Please do not email me about this project without reading the disclaimer above.
Ordinary ZIP (Lempel, Ziv Welch) compression depends on
finding repetition and, roughly speaking, creating abbreviations for common words. This
approach does not do well on small files. Here are some ideas for super compression.
- Imagine you had a dictionary of 64,000 words. You
numbered them 1 to 64,000. Before you compress a text file, you look up each word and
replace the word and its following space by a 16-bit binary
number — the word’s index in the dictionary. You create specialized
dictionaries for compressing/decompressing different kinds of files. You assign the
most frequently used words the lowest index numbers. This is a pre-process to ordinary
- Imagine the state of a compression engine just after it had finished compressing
the entire Java version 1.4 Java source code. What if you preloaded
that state just before compressing any Java source code file. You would then have a set
of common Java abbreviations all ready to go. There would be no penalty for compressing
a short file. You need to create loadable states for various types of files and
distribute them along with the compression/decompression engine. java.util.zip.Deflater.setDictionary gives you just that ability.
Compression is even tighter if you use a dictionary compiled from sampled words of
a single author.
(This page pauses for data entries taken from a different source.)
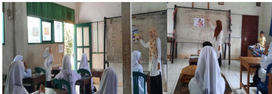
Figure 4.8 The teacher asked students to give a title to the picture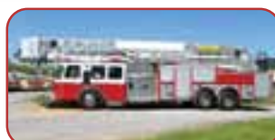
2002 E-One 105' Platform Cummins ISM 500 HP Diesel Allison HD4060P Automatic Hale 1500 GPM Side Mount Pump 150 Gallon Poly Tank Akron Dual Monitors at Tip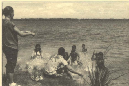
Interns and youth at the retreat enjoyed swimming and playing games in the lagoon.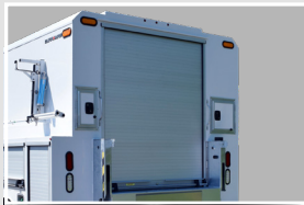
Roll-up Rear Door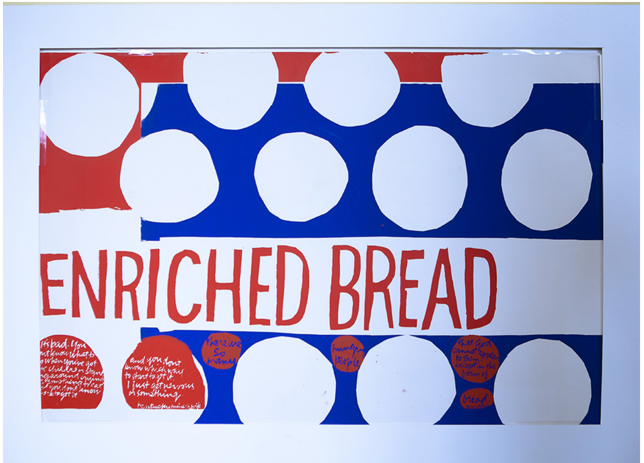
Sr. Corita Kent's 1964 work "That They May Have Life" is seen Feb. 17 at the Theological College in Washington.

There is research on how text correction can be done with a
dictionary that knows the relative probabilities of various words occuring.
- Imagine you had fixed length records to compress. If you transposed the fields and
records so that all the names, then all the addresses, then all the postal codes, then
all the phone numbers… came in order, the compression engine could do much
better because the repetition is clearer. Further, you might recognize certain field
types such as YYYY/MM/DD and replace them with
16-bit days since 1970 or some such.
- Write a compressor that uses information it gleaned from compressing other files in
the archive. This gets tricky. If you delete an item, you may have to adjust the
- You can use variable length unsigned tokens. For example, token numbers 0..127 are
1 byte long. They represent your 128 most common words/punctuation etc. Token numbers
128..32768 are 2 bytes long. They represent your next 32K of
most common words. Token numbers 32768..16,777,215 are three bytes long. They represent
what’s left, possibly including common phrases as well. You might experiment with
reserving some of the prime 1 or 2 byte tokens for encoding unique words not in the
- What we are after here are ways to compress short messages that use the same
vocabulary. We don’t need to send the dictionary along with each message.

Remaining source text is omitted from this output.